How to rewrite a program to use recursion?

Just started to deal with recursion - I don’t understand everything in it yet. I think that i don't use a basic conditional, but i don't have any idea how to write it. The program itself works and execute everything i need, but there is no recursion.

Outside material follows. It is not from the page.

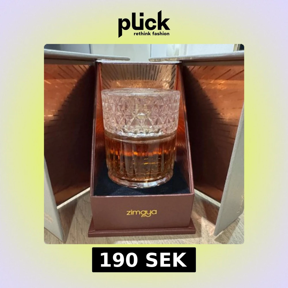 Lyxig parfym från Zimaya i en tung, kristalliknande glasflaska med guldlock. Doften heter Sharaf Blend och flaskan har ett elegant mönster och bärnstensfärgad vätska. Kommer i en exklusiv presentask med kopparfärgade detaljer.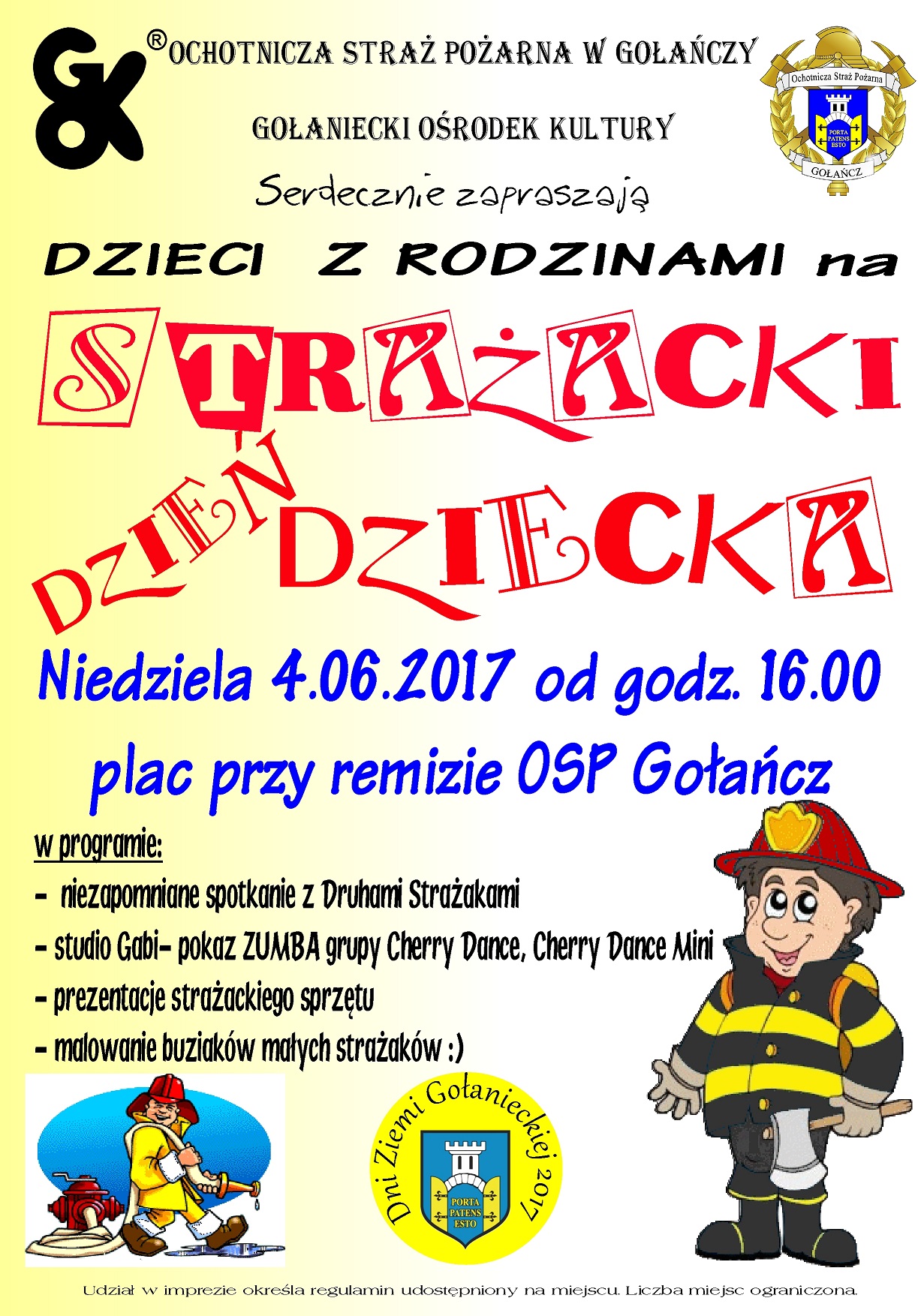 Ochotnicza Straż Pożarna wraz z Gołanieckim Ośrodkiem Kultury zapraszają dzieci wraz z rodzinami na strażacki Dzień Dziecka. Szczegóły na plakacie.

The idea of the program is that there is a list in which is neede to sum of every x'th number in the list - x here as a step. If x = 0, then the sum is automatically zero. If x is out of range, then the sum is also 0
def sum_elements(nums, x) -> int::
if x not in range(-len(nums), len(nums)) or x == 0:
return 0
if x > 0:
nums = nums[x - 1::x]
return sum(nums)
return sum_elements(nums[::-1], -x)
if __name__ == '__main__':
print(sum_elements([], 0)) # x = 0 -> 0
print(sum_elements([1, 5, 2, 5, 9, 5], 3)) # 2 + 5 = 7
print(sum_elements([5, 6, 10, 20], -2)) # 10 + 5 = 15
print(sum_elements([5, 6, 10, 20], -20)) # x = -20 -> 0
Recursion is when a function calls itself and there a few (non-formal) rules that are always good to keep in the back of your mind when writing these:
1. The base case.
Every recursion function must have a base case that acts as essentially the end of the stack in the recursive call.
2. Every recursive function abides by the non-base(s) and the base case.
In other words, your code must be written in a way that the function either calls itself, or it terminates the recursive call. You can either do this by doing if and else statements, or only writing if statements to catch the base case(s).
3. The input of the function should keep in mind the state of the previous function.
In math, you might remember functions that call themselves (syntax switched for the case of explanation):
f(x)_(n=0) = f(x)_(n=1) + 10
which becomes:
f(x)_(n=1) = ( f(x)_(n=2) + 10 ) + 10
and so on. In essence, you are writing this with code and setting a base case that might say (for the example above, i.e.) "stop when n is 10". If that was the case, you should notice the cascading effect when we are layers deep into that function and when f(x)_(n=10) makes its appearance (and lets says returns 0 + 10) how we would have a final form of f(x)_(n=0) = 0 + 10 + 10 + 10 + ....
So for this function you instead have two inputs, nums and x. These inputs are what we will be modifying as we go down the recursion's stack.
1. Writing our base case.
Writing the base case is typically the easiest part of writing a recursion function. We know, for your problem, the following cases must be caught:
If x is not in the range of the length of nums, then we must return 0.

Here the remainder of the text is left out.